Good luck to the youngins on this one. Art Fag City
editor-in-chief Will Brand
recently observed he knew almost no twentysomething who was employed. I recently looked at a job application that listed five years worth of internships (though to be fair the applicant was in school for most of that time). Parents of recent art school grads should expect to be supporting their kids for at least two years. There simply aren't a lot of job opportunities.
Former Chicago residents in the arts seem to deal with this by moving to New York and starting a gallery, though it's unclear if anyone ever makes any money doing this. I guess their apartment gallery culture is transportable. As for the rest of us transplants, New York isn't such a bad place to be unemployed. The arts community is extraordinarily supportive and more opportunities for valuable or prestigious internships exist here than anywhere else.
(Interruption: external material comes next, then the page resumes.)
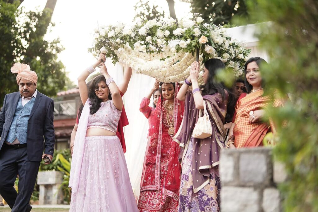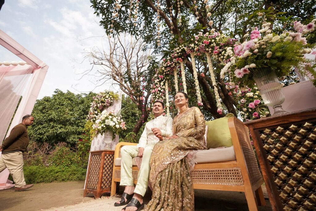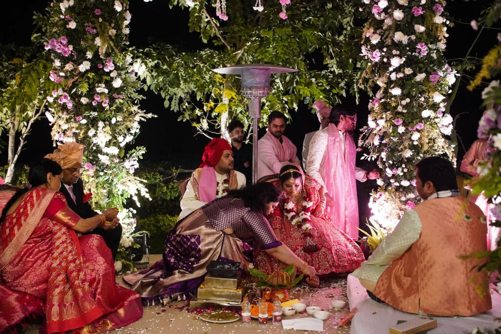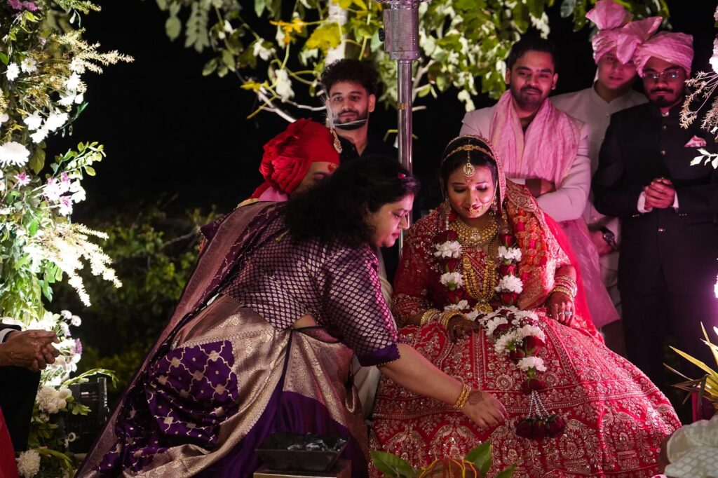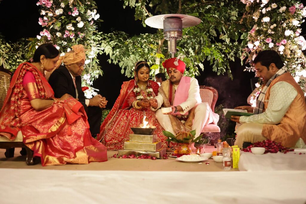 Set within the open landscapes of Jim Corbett, Vatsala and Pranav’s wedding ceremony was designed to feel both grounded and expansive. The mandap, framed by natural surroundings and soft light, created a setting that felt calm, intimate, and visually striking. Every ritual unfolded with a sense of ease, allowing moments to flow naturally while maintaining a strong visual narrative. As Faridabad wedding photographers, capturing this ceremony meant balancing scale with emotion, documenting both the grandeur of the setting and the subtle interactions that defined the experience.

A good internship is characterized by its ability to get you a paying job. Ask yourself how much you're learning and how many people you're meeting. If the answer isn't a lot, you're wasting your time and your parents' money.
I got a solo show two years out of grad school. Time to conquer the world!
Not so fast. There are only about 300 spaces for A-list art professionals—whether writers, curators, or artists—and that's the only list with any job security. Once a large enough number of collectors have bought an artist's work, they tend to protect their investment by buying more.
Everyone else who sees any kind of success gets the type of "up-and-comer" fame that has the half-life of a passing YouTube meme, so expect your career gains to be part of that turnover. Managing a life in the arts means coming to terms with the reality that what you do may be very popular one year, and completely out of vogue the next.
I've been in New York two years and have nothing to show for it.
Suck it up. Critics, artists, curators and dealers should all expect to spend no less than 10 years working independently before receiving any kind of recognition. Yes, that means most New York artists won't land a solo show for a very long time. This is usually a good thing, as it gives an artist the time to mature. (A note to collectors: yes, believe it or not, this can occur outside the gallery system.)
How do I get gallery representation?
No offense but shut the hell up. I mean this in the nicest of ways, because it's a legitimate question, but also at least as old as Wilford Brimley. The stock answer here is make friends who make work you like, go to galleries that show work you like, court the dealer for a year, and sign up.
My own advice is to forget about that and make friends with the people with whom you actually connect. Professional friendships driven by careerism often aren't particularly fulfilling, nor are they all that useful when you're really in a jam. Anyone actively involved in the art world will naturally end up with scads of casual professional relationships anyway, all without having to aggressively court them.